Why Do Horses Foam at The Mouth: The Many Triggers Behind Horse Mouth Foam (And How to Help)

Jan 03, 2024 | Super Equestrian


Why Do Horses Foam at The Mouth

Do you know what causes horses to foam at the mouth? Is it something you should be concerned about? When I am about to give a treat to my horse as an appreciation for its good activity, it always wants to have a carrot as a treat. 

When I show the carrot to my horse, it drools with excitement, indicating its delight for the treat. Humans react similarly when they see their favorite food. 

When we see tamarind or any kind of sour thing, what happens to us? Saliva comes out from the mouth. This is normal for both horses and humans. Just due to a special protein horse's saliva becomes foamy…this is the difference. 

But when this foamy saliva is considered abnormal or indicates any medical condition? Recently, it happened to my friend's horse. Foaming appears continuously at the mouth of his horse even in a resting condition. He became worried and called a veterinarian. The vet said that it's not a normal foamy saliva. It's a serious medical condition and needs treatment. 

There are a lot of facts about horse foam at the mouth. We need to identify them to distinguish normal and abnormal foamy saliva. So, what would be the causes of foam build-up in your horse's mouth?

Foaming at the Mouth of Horses: What does it really mean?

Foaming arises due to excessive saliva formation in the horse's mouth. This excessive saliva turns into a foamy substance due to the presence of a surfactant protein, called latherin. This protein is present in a high concentration in the horse's saliva and creates this foaminess.

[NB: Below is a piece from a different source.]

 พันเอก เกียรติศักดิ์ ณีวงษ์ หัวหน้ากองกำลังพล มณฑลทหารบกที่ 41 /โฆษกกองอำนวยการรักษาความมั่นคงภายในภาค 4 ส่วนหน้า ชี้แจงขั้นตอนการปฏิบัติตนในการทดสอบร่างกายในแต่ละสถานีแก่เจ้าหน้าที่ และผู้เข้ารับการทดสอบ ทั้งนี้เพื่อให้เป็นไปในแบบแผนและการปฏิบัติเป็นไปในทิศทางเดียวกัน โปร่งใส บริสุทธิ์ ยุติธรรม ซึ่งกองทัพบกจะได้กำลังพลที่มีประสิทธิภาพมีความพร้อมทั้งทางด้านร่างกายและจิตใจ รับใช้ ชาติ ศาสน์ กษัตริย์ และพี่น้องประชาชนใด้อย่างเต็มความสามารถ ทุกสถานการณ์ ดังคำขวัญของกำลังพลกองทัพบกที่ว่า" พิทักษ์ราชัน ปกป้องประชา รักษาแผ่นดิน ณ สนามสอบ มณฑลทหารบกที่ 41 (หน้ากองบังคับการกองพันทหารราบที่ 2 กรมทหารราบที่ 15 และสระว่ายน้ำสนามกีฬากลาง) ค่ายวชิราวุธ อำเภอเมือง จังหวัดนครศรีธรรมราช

Intensity level of foaminess

  • Confined in the lips area
  • Foam spreads throughout the mouth
  • Spreads from the mouth area to the chest

What are the natural causes of foam buildup in a horse's mouth? 

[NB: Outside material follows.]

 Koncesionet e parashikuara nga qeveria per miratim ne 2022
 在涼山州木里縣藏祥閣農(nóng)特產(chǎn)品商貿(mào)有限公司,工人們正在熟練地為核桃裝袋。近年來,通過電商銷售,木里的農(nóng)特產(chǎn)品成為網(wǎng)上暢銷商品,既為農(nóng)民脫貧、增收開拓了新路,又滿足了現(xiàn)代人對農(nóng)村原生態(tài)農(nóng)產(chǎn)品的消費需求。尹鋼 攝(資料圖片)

What are the natural causes of foam buildup in a horse's mouth

Apart from various medical factors, a horse naturally experiences foam buildup in its mouth. This is a part of the normal physiological process of horses. So, what situations trigger the appearance of foam in your horse's mouth? 

Normal production of saliva with the influence of a special protein

This foamy saliva forms naturally in their mouth due to chewing and helps digest their food such as pasture grasses, hay, legumes, and other dry forages.

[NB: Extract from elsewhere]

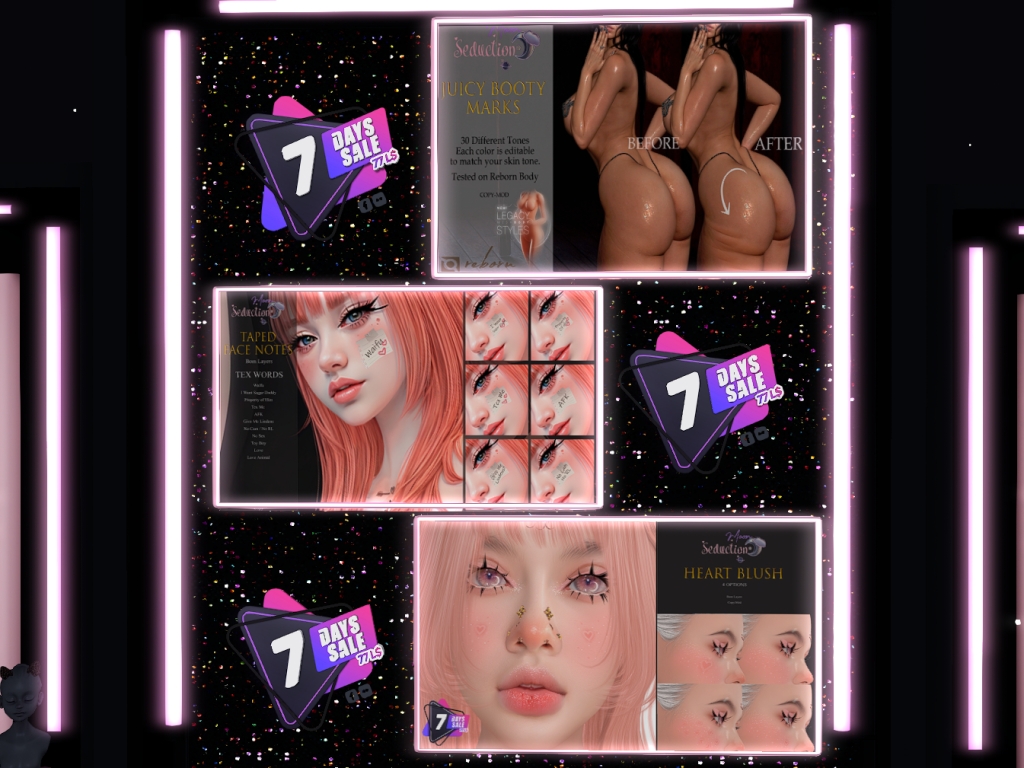 Featuring: Accessories, Animations/Poses/Props, Appliers/Cosmetics/Nails, Avatar Enhancements, Clothing, Footwear, Hairs, Home and Garden, Shapes, Textures

When working with bit and bridle

Sufficient foaminess is desired to lubricate or smooth the bit and bridle surface. It helps to reduce the abrasion of these tacks with the teeth and mouth area of the horse. However, excessive foaming in the mouth indicates a discomfort with the bit. If you use a sturdy bit, that does not fit properly to the horse's mouth, causing excessive pressure. Ultimately, it stimulates the production of saliva. 

Salivation during exercise

During physical activities like training and exercise, foam may develop at the mouth as a response to stress release. 

Explore more: 

Horse Riding Adventure: Dealing with a horse with dropped fetlocks.

What are the medical concerns that are related to foam around a horse's mouth?

What are the medical concerns that are related to foam around a horse's mouth

A horse's mouth becomes frothy if the oral health of horses gets compromised due to various gastrointestinal, viral, and bacterial diseases. What are those health issues?

Oral ulcer, gum disease, tongue injury, and choke (Swallowing difficulty)

Irritation and discomfort in the Stomach, liver, oral cavity, tongue area, and difficulty in swallowing cause excessive production of saliva. Additionally, gastric neuritis (tumor in the stomach) and liver disease affect oral health, ultimately causing foamy saliva. 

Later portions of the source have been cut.